Mr. Soubert explained that the presence of an autonomous and independent arbiter of the Constitution from the day of its promulgation could have prevented incidents such as the ousting of First Prime Minister Norodom Ranariddh during the bloody factional fighting in 1997 and the ruling CPP’s near unchallenged control of the country since that time.

“The Constitutional Council should have been created in 1993 but the government waited until 1998,” he said.

“During that time, the Council could have had control of the government, but after the coup d’etat of 1997, the Council was already under the control of the CPP.”

The absence of such a higher institution in Cambodia has been particularly damaging for the chances of ensuring citizens’ rights and open elections, as stated in the Constitution, particularly given the lack of an entrenched cultural and national myth surrounding the rule of law, said Carlyle Thayer, a Southeast Asia expert at the Australian Defense Force Academy in Canberra.

“Even in a political culture where they respect the Constitution, like the U.S., they need a Supreme Court that can rule on disputes, so people can accept the ruling,” said Mr.

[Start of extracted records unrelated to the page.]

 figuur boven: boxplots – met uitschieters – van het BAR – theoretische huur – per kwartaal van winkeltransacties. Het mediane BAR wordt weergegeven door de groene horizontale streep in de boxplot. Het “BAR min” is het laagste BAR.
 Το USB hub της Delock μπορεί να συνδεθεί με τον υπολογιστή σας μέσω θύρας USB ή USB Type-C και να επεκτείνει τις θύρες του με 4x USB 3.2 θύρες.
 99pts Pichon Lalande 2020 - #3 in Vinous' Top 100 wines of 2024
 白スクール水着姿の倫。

Thayer, who served as an Untac observer during the 1993 election.

“The Constitution set up a liberal democracy…but a written document takes more than that—it takes independent and autonomous institutions, and if your judiciary and executive aren’t independent…the Constitution is going to struggle.”

Sok Sam Oeun, a prominent lawyer who heads the Cambodian Defenders Project, a free legal aid NGO, agreed that the Constitution has not lived up to the democratic promise envisioned by King Sihanouk. The reason, he explained, was the subsumption of the Constitution into the one-party politics of the nation.

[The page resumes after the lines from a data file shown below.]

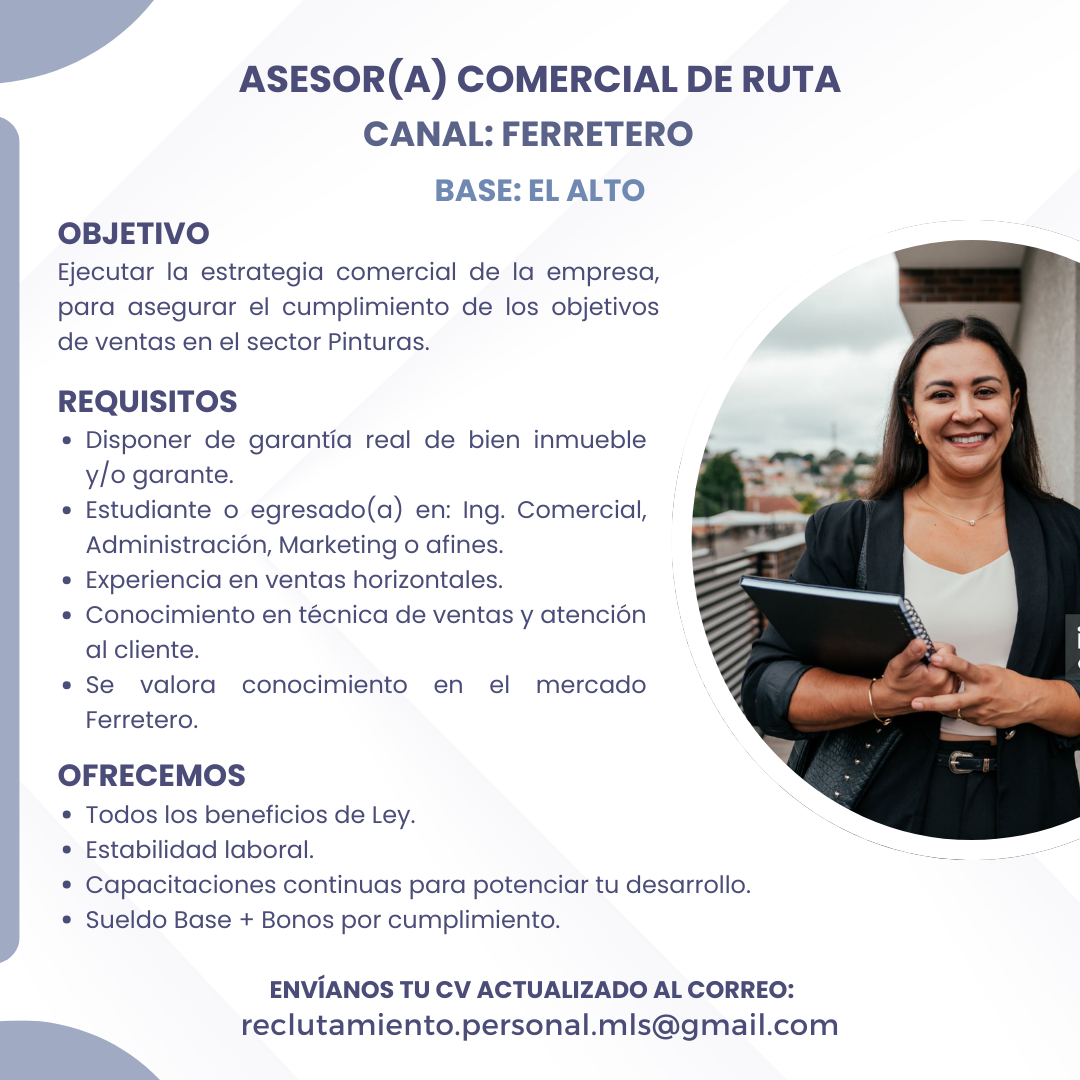 - Se valora conocimiento de Pinturas y/o conocimiento en el mercado Ferretero.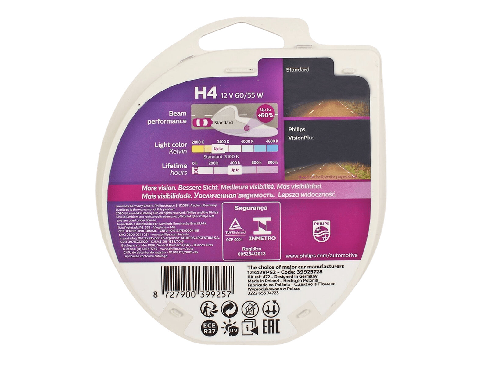 Лампа 12V H4 60/55W P43t +60% бокс (2шт.) Visionplus, 12342VPS2, PHILIPS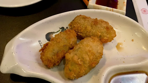 -shrimp lollipop 5/5 -harumaki 5/5 -spring roll with shrimp in it -Softshell crab 3/5 -jalapeño bomb 5/5 -fried oysters 5/5 -Nigiri Tuna 3/5 White tuna 5/5 Salmon 5/5 Red snapper 5/5 favorite Sea bass 5/5 favorite Smoked salmon 5/5 Eel 4/5 Shrimp 5/5 Mackerel 3/5 Squid ⅖ - too chewy Crab 4/5 Scallop 5/5 -Angel hair roll 5/5 - i liked the apple addition to it. Nice little crunch/sweetness -fire phoenix roll ⅘ - a little too much cream cheese -mango tango roll - ⅘ - same as above. Cream cheese can fill you up faster -mochi (mango, green tea) 5/5 - mango has a stronger flavor...

“In the U.S., the Supreme Court can rule on the Constitution, but here the Constitutional Council is not a court, and the members are not judges—they are politicians,” he said. “If it was a court, they would focus on law, but here [in Cambodia] they only focus on political influence and favor to the stronger party.”

For Prince Sisowath Sirirath, who led Funcinpec’s delegation of six on the constitutional drafting committee, the biggest be­trayal of the Constitution and the new political system it ushered into place has been the unwillingness of Prime Minister Hun Sen’s CPP to forego the habits it learned as a one-party state in the 1980s and to open up the state, as promised, to competing voices and visions.

“This is nowhere near the democracy envisioned. This nation is now a ‘guided’ democracy…you can watch the TV stations run by the CPP, and they just discuss and exchange ideas among themselves, they don’t invite others in,” he said.

“At the time [of drafting], everybody felt very enthusiastic…there was a sense of unity as one people —separated by war but now to­gether again as the nation of Cambodia,” he continued. “The King Father had told us to work together—to not look back at the things that divided us. It was part of a new outlook at that time. We had no fears about the CPP, and the CPP had no fears about Funcinpec.”

Prince Sirirath added that the blame was as much on Prince Ranariddh as it was on anyone in the CPP.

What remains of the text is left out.